WHAT THE EXERCISE ASKS:
Print the line containing "Floral Printed Hand", then every line after it through the end of the material, exactly as written and without pictures.

DATA BELOW:
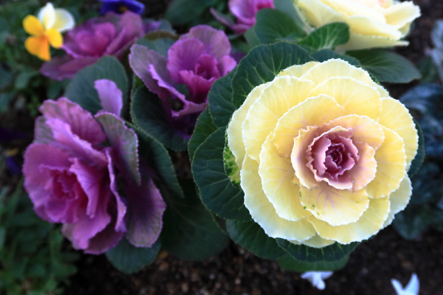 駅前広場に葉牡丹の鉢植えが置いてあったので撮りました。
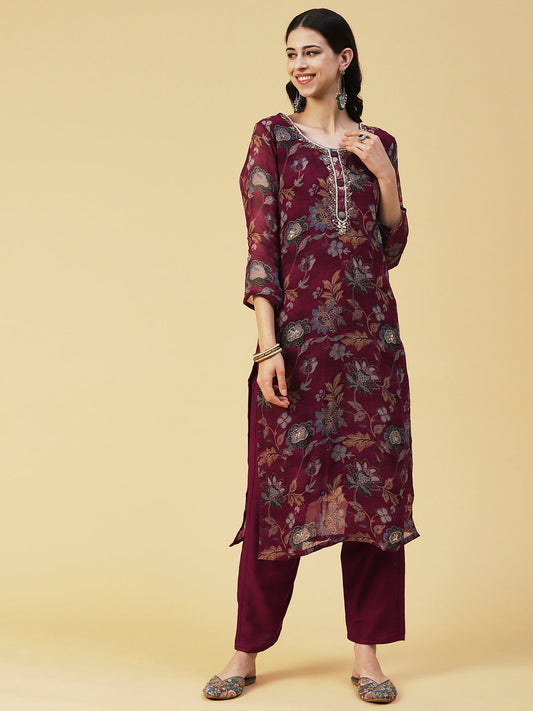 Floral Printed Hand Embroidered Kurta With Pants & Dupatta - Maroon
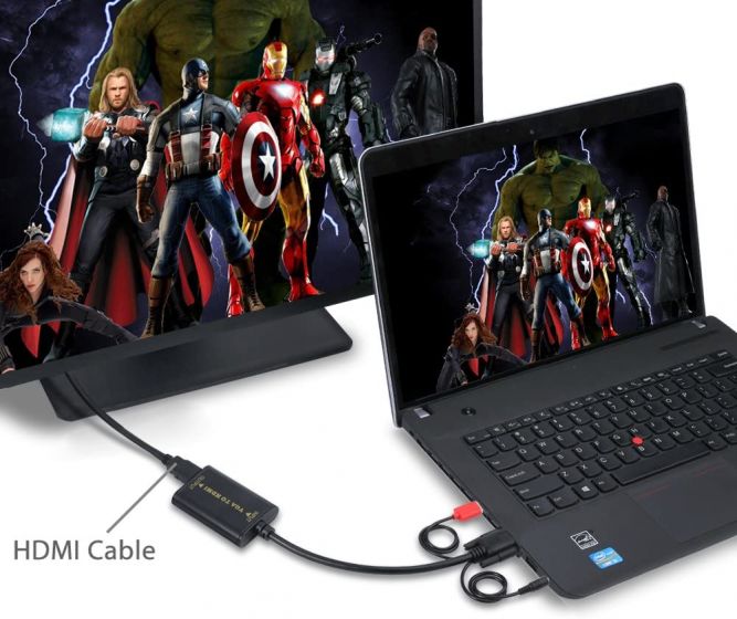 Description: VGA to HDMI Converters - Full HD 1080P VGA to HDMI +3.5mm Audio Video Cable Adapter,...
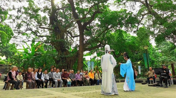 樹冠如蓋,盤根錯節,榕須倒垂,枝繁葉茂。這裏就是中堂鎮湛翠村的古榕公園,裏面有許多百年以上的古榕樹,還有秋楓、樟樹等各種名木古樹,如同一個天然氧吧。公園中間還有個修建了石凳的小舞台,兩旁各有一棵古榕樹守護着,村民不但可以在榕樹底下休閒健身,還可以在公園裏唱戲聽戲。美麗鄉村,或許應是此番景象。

RESULT OF THE TASK:
 Floral Printed Hand Embroidered Kurta With Pants & Dupatta - Maroon
 Description: VGA to HDMI Converters - Full HD 1080P VGA to HDMI +3.5mm Audio Video Cable Adapter,...
 樹冠如蓋,盤根錯節,榕須倒垂,枝繁葉茂。這裏就是中堂鎮湛翠村的古榕公園,裏面有許多百年以上的古榕樹,還有秋楓、樟樹等各種名木古樹,如同一個天然氧吧。公園中間還有個修建了石凳的小舞台,兩旁各有一棵古榕樹守護着,村民不但可以在榕樹底下休閒健身,還可以在公園裏唱戲聽戲。美麗鄉村,或許應是此番景象。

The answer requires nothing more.